Nick felt his lip curl. “He claims to be innocent of most things.”
Mum glanced over at Nick fleetingly. Her odd smile did not leave her lips, though her eyes were suddenly fixed and cold. She made an abrupt gesture of dismissal, as if she still called demons and had one in her power, and then she looked away from Nick immediately.
It was best to humor her. Nick flipped his bloody knife closed and swung lightly off Gerald, moving to the point farthest away from her in the room. Mum approached Gerald, walking lightly, and came to kneel at his feet.
“Innocent?” she repeated, her smile looking more fixed and strange than ever.
She pulled her shirt down, revealing an expanse of dead-white skin and, over her heart, black against the smooth whiteness, the sigil of the Obsidian Circle. It reminded Nick of the sign above one of the Salisbury pubs, showing a woman in a giant hand. Drawn over Mum’s heart was a hand, cupping not a woman but the world. There was a suggestion of tension about the fingers of the hand, as if they were just about to clench over the world and crush it.

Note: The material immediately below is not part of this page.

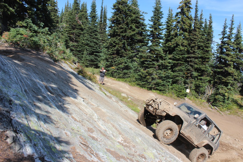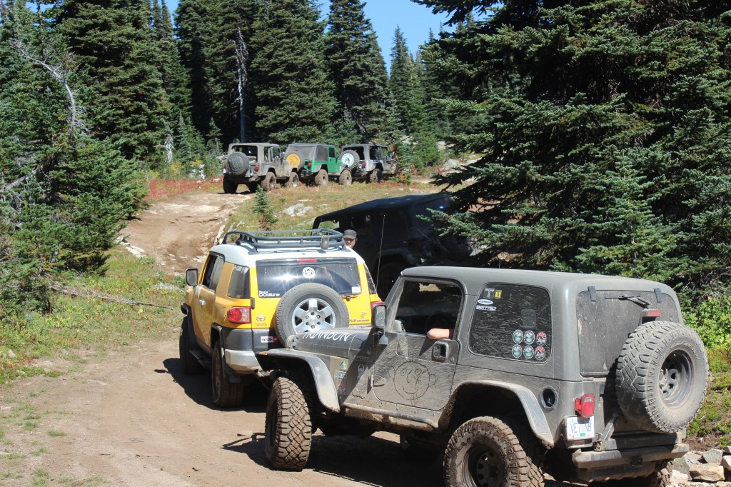After several hours through some beautiful terrain, you’ll descend into the valley home to Wells Lake. If you get a picture right, the trucks drive on the water as they cross the shallow roadway. After you leave, you’ll wind your way towards Falcon Hill. Not as challenging now as it once was, a plaque on a tree tells the legend of a few guys who traversed the entire trail in 1979 in a Ford Falcon, with only 33-in studded snow tires as their aid.

Mum reached up and drew down Gerald’s shirt, stretching the cotton out of shape. There over his heart was the same hand, holding the same world.
“Nobody who wears this mark is innocent,” Mum whispered.
Gerald, blood still running down his face, sagged a little in his chair. “You’re not going to help me, are you?”
“No,” said Mum. “I don’t owe you anything. How is Arthur?”
“I don’t think he’s changed,” Gerald said. “He talks about you, often. He never wanted to hurt you. He chose you—”
Mum laughed and leaped to her feet lightly, as if she were young. “I chose him. That’s the problem with wanting someone who will change the world for you. Choose a man with that much power over the world, and all he really wants is more power.” She turned away and went over to Mae, standing so close to her that she could have slipped an arm around her waist.
“It’s probably best to change the world yourself,” she added. “Nobody should risk being a sacrifice.”
It was strange seeing Mum lean close to Mae, as if she was a normal woman with someone she liked, but Nick didn’t have time to think about that. Alan would be back soon. He flipped open his knife again and gave Gerald a meaningful look.
“What else do you want to know?” Gerald asked wearily.
“When does the Circle plan to move to London?” Nick demanded.
Gerald hesitated.
Nick moved forward, relentless as the tide. He leaned down to Gerald and closed his free hand around the magician’s throat.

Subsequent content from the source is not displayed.